Requirement for IDS in Power Grid OT Networks
The ability to detect security incidents is an integral part of most security frameworks and guidelines, including the NIST Cybersecurity Framework, but also IEC 62443 and ISO 27k standard series. In substations, power plant control systems, and control centers, there are many devices without standard operating systems, where no endpoint detection software can be installed. Hence the detection component must be installed on the network. Hence, there are multiple national laws and regulations which require the use of IDS in critical networks, including the OT networks in PAC systems. This includes Germany, where IDS are mandatory in critical networks for more than 800 Distribution System Operators (DSOs). In Switzerland, the usage of IDS will become mandatory too in July 2024 due to a new law, which requires a higher cyber security maturity of utility OT systems. Their national regulations closely align with the NIST Cyber Security Framework. There is also high activity in other EU countries with IDS in substations, as can be observed by ongoing tenders. The latter may be related to the current geo-political situation, but also by increasing OT security awareness due to the EU NIS2 Directive, which is currently being implemented into national laws. In North America, a new NERC CIP Guideline “015 Internal Network Security Monitoring” was recently published, requiring intrusion detection measures in critical systems, including the power grid.
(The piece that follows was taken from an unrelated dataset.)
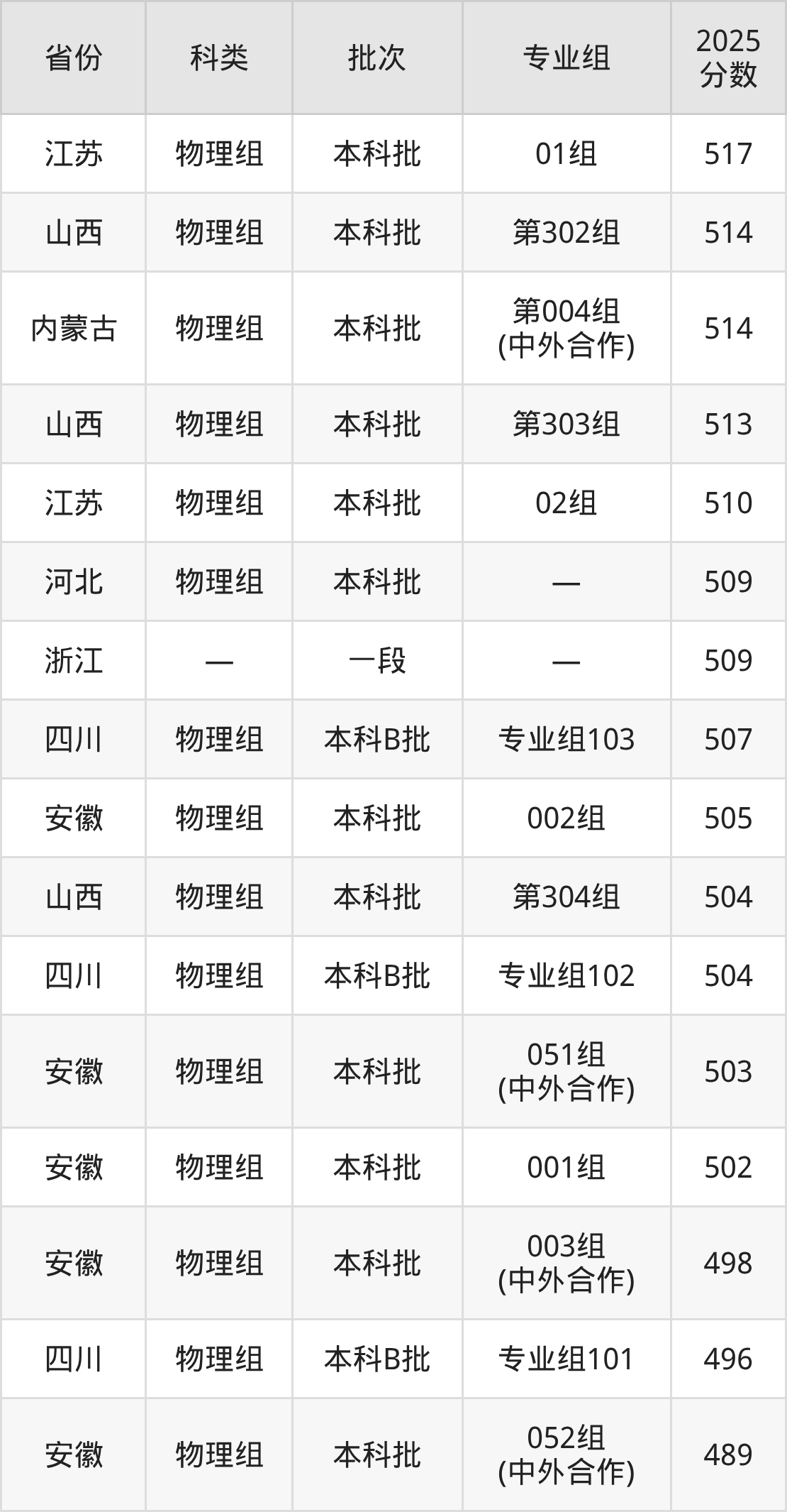 而江苏地区物理组考生的分数门槛最高,2025年吉林化工大学01组在江苏招生最低分为517分,考生至少要超本科线54分才有可能被录取。

Intrusion Detection Systems
Figure 1 depicts how IDSs are used in a plant network. IDS analyze the network traffic to detect cyber-attacks, prohibited behavior, or security policy violations. There are three types of IDS available:
- Signature-based
- Anomaly-based
- Specification-based
“Signature-based” IDS scan for a list of known attack patterns and only alert if the network traffic matches one of the signatures – like a virus scanner. Signature-based IDS are thus only able to detect previously known attacks, with the disadvantage that there are only few attacks known for PAC systems. “Anomaly-based” approaches can detect yet unknown attacks, by alerting on “unusual” behavior. These systems “learn” the usual communication in the network and after the learning phase they will alert on all unusual activity.
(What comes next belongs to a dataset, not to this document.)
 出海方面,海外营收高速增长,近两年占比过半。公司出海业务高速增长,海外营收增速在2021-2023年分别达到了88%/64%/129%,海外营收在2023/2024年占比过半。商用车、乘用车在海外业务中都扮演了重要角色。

Anomaly-based approaches are common in OT networks, because these networks are relatively stable, but they have the disadvantage of many false alarms until all activities occurred once. PAC engineers usually need to be involved to decide if a certain communication activity is a threat or normal behavior. As the learned “baseline” cannot be easily applied to other plants, every plant will have the same false alarms again, which often results in the IDS to be ignored after a few months.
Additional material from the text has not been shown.